Indian cartoonist and author

Attupurathu Mathew Abraham (11 June 1924 – 1 December 2002), better known by his pen name Abu, was an Indian cartoonist, journalist, and author. In a career spanning more than four decades, he worked for various publications in India and Britain, including The Bombay Chronicle, Shankar's Weekly, Blitz, Tribune, The Observer (1956–1966), The Guardian (1966–1969), and The Indian Express (1969–1981).

He was a lifelong atheist and rationalist.

==Early years==

Born in Mavelikara, Kerala as the son of A.M. Mathew and Kantamma, Abu started drawing cartoons at the age of 3. After studying French, Mathematics, and English at University College, Thiruvananthapuram (Trivandrum) and being the tennis champion, he graduated in 1945.

==Work in London==
In 1953, he met Fred Joss of the London Star, who encouraged him to move to London. At 32, Abu arrived in London in the summer of 1953 and immediately sold cartoons to Punch magazine and the Daily Sketch and started to contribute material to Everybodys' London Opinion and Eastern World using the pen name 'Abraham'. In 1956, after two cartoons were published in Tribune, he was sent a personal letter by David Astor, the editor of The Observer, the world's oldest Sunday newspaper, offering him a permanent job as its first ever political cartoonist. Astor asked Abu to change his pen name as 'Abraham' would imply a false slant on his cartoons, and so he settled on 'Abu', a schoolboy nickname of his.

He was described in The Guardian as "the conscience of the Left and the pea under the princess's mattress". He also produced reportage drawings from around the world. In 1962 in Cuba he drew Che Guevara and spent three hours in a nightclub with Fidel Castro.

==Return to India==
He returned to India with his first wife (Sarojini, from Tamil Nadu, who he later divorced) and two daughters, Ayisha and Janaki, in 1969 to work as the political cartoonist on the Indian Express until 1981. In 1970 he was given a special award by the British Film Institute for a short film based on Noah's Ark called No Arks.
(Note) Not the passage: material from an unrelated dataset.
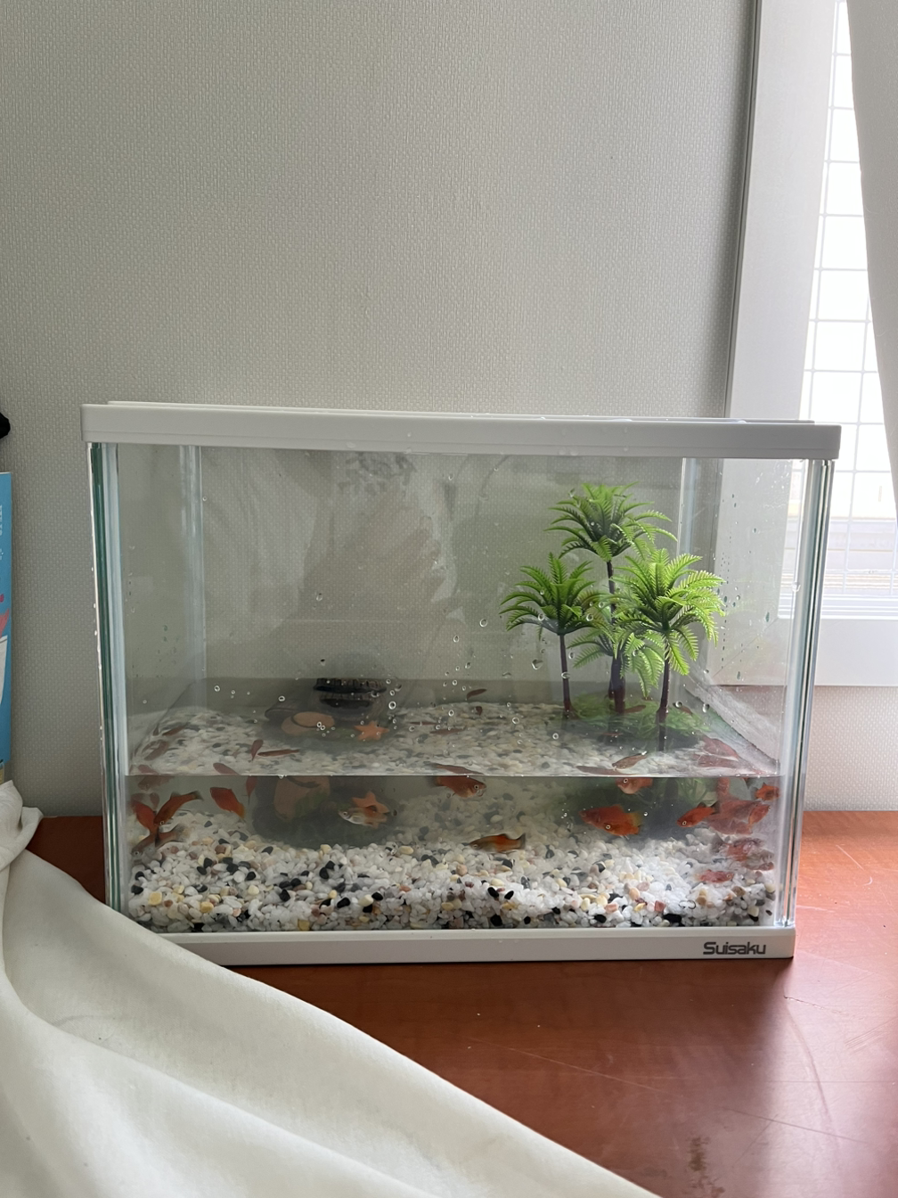할머니께 받은 물고기를 준비한 어항으로 옮겼으나, 물높이가 너무 낮았습니다. 여과기를 설치하기엔 물높이가 낮아서 내일 물의 염소가 사라지면 설치할 계획이었습니다. 그런데 물은 적고, 개체 수는 많으니 물이 금방 탁해지는 것 같았습니다.

From 1972 until 1978, he was nominated a member of the Rajya Sabha, the upper house of the Indian Parliament.

In 1975 Indian Emergency was declared and the freedom of the press was suspended, and Abu fell out of favour with Indira Gandhi. The direct result of this was the publication of the book Games of the Emergency in 1977, which contained the political articles and cartoons that he could not print during the Emergency. As well as illustrating other books, other collections of his cartoons were Abu on Bangladesh (1972), Private View (1974), and Arrivals and Departures (1983). He also edited the Penguin Book of Indian Cartoons (1988).

From 1981, Abu worked as a freelancer, syndicating his work to several newspapers and commencing a new strip cartoon, Salt and Pepper. The crow and the elephant in this philosophical strip begin to take over from the political cartoons, according to his daughter Ayisha Abraham. In 1988 Abu moved back to Kerala. He died on 1 December 2002 and was survived by his British-born wife Psyche. His death was marked by a two-minute silence in the Rajya Sabha and he was cremated with full state honours.